Bolick represented the publishers' perspective on the panel and provided examples of business models that McGraw-Hill Publishing has used to sell content on the Web. He pointed out that, using DRM, the company has successfully sold subscriptions of medical texts on the Web that have not hurt its print sales. A timely book on post-traumatic stress was also successfully marketed and sold to consumers as an e-book after the September 11 attacks. The key to making money with e-books on the Web, he believes, is getting more titles up so users have more choices. However, he also noted that more investments in digital asset management systems are needed because production and distribution systems are still not optimal for re-purposing.
 

Content Solutions
The program closed with a Solutions Showcase that reviewed eight solutions selected by an SIIA advisory panel on the basis of content focus, game-changing potential, stability and promise, readiness for clients, relevance to business-professional information markets, and balanced distributionacross the supply chain. They coveredeach sector of the create-package-distribute-use content supply chain and fell into two categories: 1) solutions to reach and keep customers (accessibility, value-add, personalization, enterprise integration) and 2) solutions to achieve operational improvements (monetization, protection, organizational effectiveness).

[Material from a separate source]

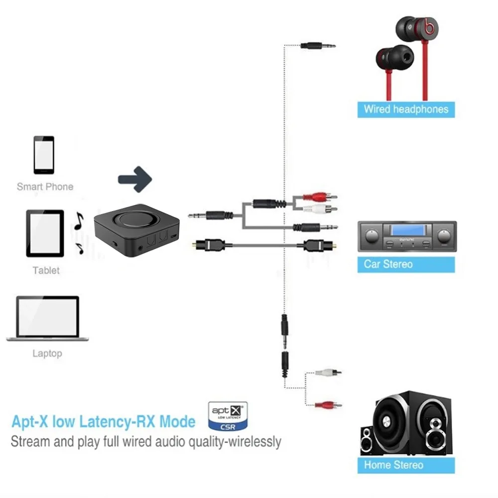 -Оптический зум + RCA + 3,5 мм: помимо 3,5 мм Aux / RCA Подключение, CRDC совместимы с bluetooth-адаптер также поддерживает оптический кабель (кабель TOSLINK /SPDIF) вход/выход. Благодаря предоставленному оптическому кабелю вы можете наслаждаться высококачественным цифровым звуком через несколько аудиовыходов, таких как проводные стерео, колонки или наушники.

The following solutions were described by representatives from each company:

  • OuterForce Systems—A production-process-management system for media and professional publishing that integrates resources and work flows

  •  
  • Sealed Media—A digital rights management solution that offers persistent protection via client-side technology at the point of consumption

  •  
  • ExactOne—A data access and integration solution that allows real-time access of data from internal and external sources as well as integration of disparate data formats

  •  
  • Clear Forest—An information-extraction engine that adds automated XML tagging of events, facts, names, etc., to unstructured data and provides analysis and navigation tools that illustrate relationships and link documents|

  •  
  • Context Media—A content asset management solution that allows publishers to aggregate, package, and deliver digital assets

  •  
  • Digital Owl—Information management application services for managing licenses, distribution, and usage tracking of premium information within a corporate community

  •  
  • Next Page—Peer-to-peer business networking that facilitates communication, collaboration, and file sharing across organizations

  •  
  • NewsStand—An Internet delivery solution that offers digital content to subscribers in its original context and provides DRM protection, customer billing, and support


Signs of Life and Rebirth

Early on in the program, speakers referred to the audience as "survivors" and set the tone for what would follow. It conjured up an image of dazed victims trying to understand what hit them, searching through the ruins of the dot-com explosion for signs of life while making plans to rebuild more intelligently—not unlike the city where this program was being held. By the end of the day it seemed clear that the knowledge, technology, and talent needed to rebuild the industry are, in fact, available. Moreover, eventhough funding won't improve until next year, the survivors seem willing to make investments they need to grow their businesses. Another positive sign is that Internet and traditional companies seem to be learning from one another. Internet companies are adopting subscription business models and traditional companies are implementing Web technology solutions. Success may come from the crossbreeding of these cultures. So when the slinky jumps again, the industry could be ready and positioned on the right step this time.